Regulatory Update: Middle East Edition – September 2021
This edition includes – DIFC hosts Blockchain Week, ADGM Arbitration Centre and Permanent Court of Arbitration sign a Cooperation Agreement, CBUAE to host the Future of Finance Conference and Basel Committee publishes newsletter on cyber threats.
The Dubai International Finance Centre (“DIFC”) Innovation Hub hosted Blockchain Week to help accelerate the UAE’s digital economy and educate on future finance. The key topics included encrypted banking services, digital assets, smart contracts, digital assets regulation, and an overview of the investment landscape for innovation in appreciation of the expanded use of blockchain technologies. Attendees had the opportunity to participate in interactive seminars and hear from industry speakers.

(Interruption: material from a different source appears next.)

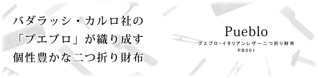 イタリア、トスカーナの名タンナー「バダラッシ・カルロ社」。古典的な植物タンニン鞣しの中でも特に素晴らしい革が生まれる製法である、牛脂を使用したバケッタ製法を復刻させ、時間とコストを掛けてでも高品質の革をつくるために必要なレシピを使うという、明確なコンセプトを持った希少なタンナーです。中でも「ミネルバボックス」は世界的に有名な革です。そんな名タンナーがつくりだす数ある革の中でも特徴的なのがこの革「プエブロ」。プエブロとはプエブロインディアンを表し、民族的な表情と温もりを持つ革です。製法はバケッタ製法を用い、吟面(革の表面のこと)を手作業で優しく擦ることで付く、細かな擦り傷のような文様が特徴で、少しざらついた独特な手触りとマットな質感、そして匂いがします。通常の吟擦り加工よりも吟面が多く残るため、経年変化も大きくより楽しむことができます。また、バケッタ製法は浸透しにくい牛脂を時間をかけてじっくりと浸透させているため、通常の革よりも油分が抜けにくく、メンテナンスはほぼ不要です。使うことで手から出る油分のみで十分です。染色についても近代的な手法ではないため、製造毎に色味が変わりますが、それもまた一期一会の楽しみです。他の革にはない唯一無二の個性ある表情を醸し出す素晴らしい革を存分にお楽しみください。

The Dubai Financial Services Authority (“DFSA”) issued a notice of legislative changes to various rulebooks following Consultation Paper No. 138 ‘Regulation of Security Tokens’.
The General Module (“GEN”) has been updated to:
- Include additional rules for financial promotions, which prohibit misleading consumers by misrepresenting a token as a particular type of investment. The promotion of tokens must be clear, fair and not misleading.
- Revise the DFSA’s powers to impose restrictions on any investment traded on any facility operated by the authorised person, where reasonable grounds exist. The restrictions include suspension or removal from trading.
- Update the definition of ‘Security’ and ‘Derivative’ to include cryptographically secured digital representations of rights and obligations.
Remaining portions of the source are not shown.